“There can always be less matches but also the salaries of the players and coaches have to adapt.”
Uefa president Alexsander Ceferin has warned managers and players, including Jurgen Klopp, that they will face a ‘pay cut’ if there are fewer Champions League games.
Ceferin was speaking in the aftermath of Jurgen Klopp, as well as Pep Guardiola and Ilkay Gundogan, speaking out against the increased number of matches from the new 2024 format.
The Uefa president says he will listen to all parties regarding the new Champions League Swiss model system which will see Europe’s premier football competition expand from 32 to 36 teams.
Every team that qualifies for the Champions League will go into a 36-team league table where each club will play 10 matches.
Under the Swiss model, teams play a set number of games rather than facing every other team in the league. The 10 matches each team will play will be decided by a seeding system.
The new format was voted in last Monday, and Ceferin insists that the drive for the change in format came directly from the clubs.
The 53-year-old has also responded to comments made by Klopp when the Liverpool manager argued that there were too many games in the new format, describing it as a “joke”.
The Slovenian insisted he is happy to make changes and reduce the number of games if that is what the majority of clubs wants, but this will come at a cost.
“Some coaches and players said too many matches. There can always be less matches but also the salaries of the players and coaches have to adapt.

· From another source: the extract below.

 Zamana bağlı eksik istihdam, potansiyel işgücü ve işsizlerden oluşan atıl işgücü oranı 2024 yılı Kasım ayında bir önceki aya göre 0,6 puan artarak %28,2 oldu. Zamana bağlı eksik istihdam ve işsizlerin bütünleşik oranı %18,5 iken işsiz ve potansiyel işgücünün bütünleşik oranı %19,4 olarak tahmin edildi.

You cannot generate less and earn more all the time,” Ceferin told the Daily Mail.
“I read some people saying: ‘We don’t want more matches.’ I’m fine with that, really, I am. If the Champions League stays as it is, it will still be the best competition in the world.
“Our reforms came about because clubs need help responding to the financial crisis. We can carry on as we are but clubs will go out of business. And who does that hurt most? Their fans.

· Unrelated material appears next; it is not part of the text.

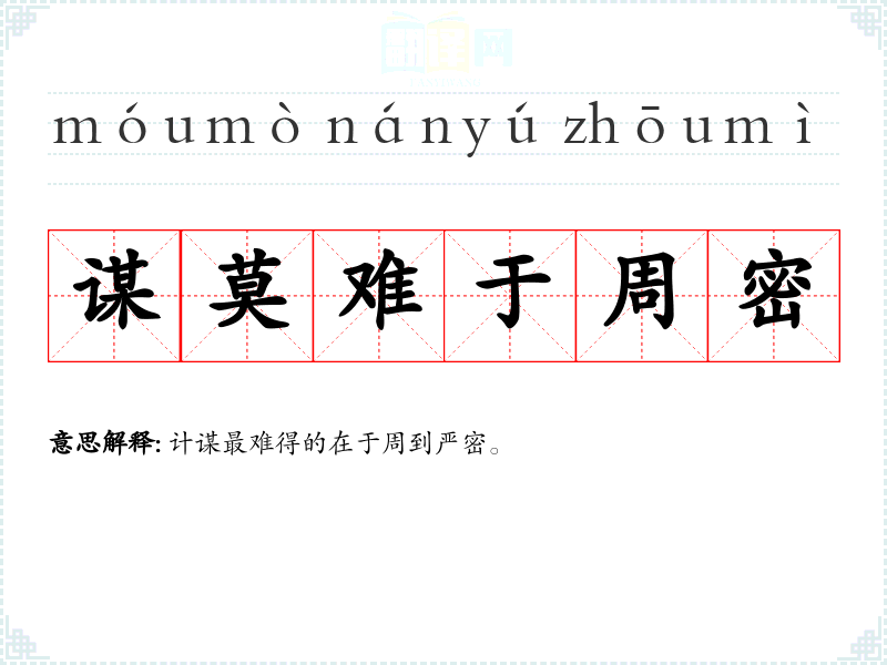 | 谋莫难于周密 | 计谋最难得的在于周到严密。 |

“So, while I understand what some people are saying, I’d ask them ‘What is your solution?’ We believe the reforms we are making have advantages for everyone.

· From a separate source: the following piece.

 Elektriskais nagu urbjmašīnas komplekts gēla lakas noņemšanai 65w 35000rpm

“But we have been clear they are not fully set in stone so, if those people have better ideas that safeguard the future of football as well as ours, I will listen.”
The Liverpool manager spoke to reporters ahead of Liverpool’s 1-1 home draw with Newcastle United on Saturday.
“I have no problem with change. We all wanted to have the new Super League to go away, but at the same moment we have the new Champions League,” Klopp said.
“Who read this concept and said ‘oh, that’s perfect!’? Who tells me now that it’s not about money? It’s a joke!
“I said it before with the Nations League, or when FIFA wanted to have a Club World Cup. They don’t ask, they just introduce it. Why? Money.”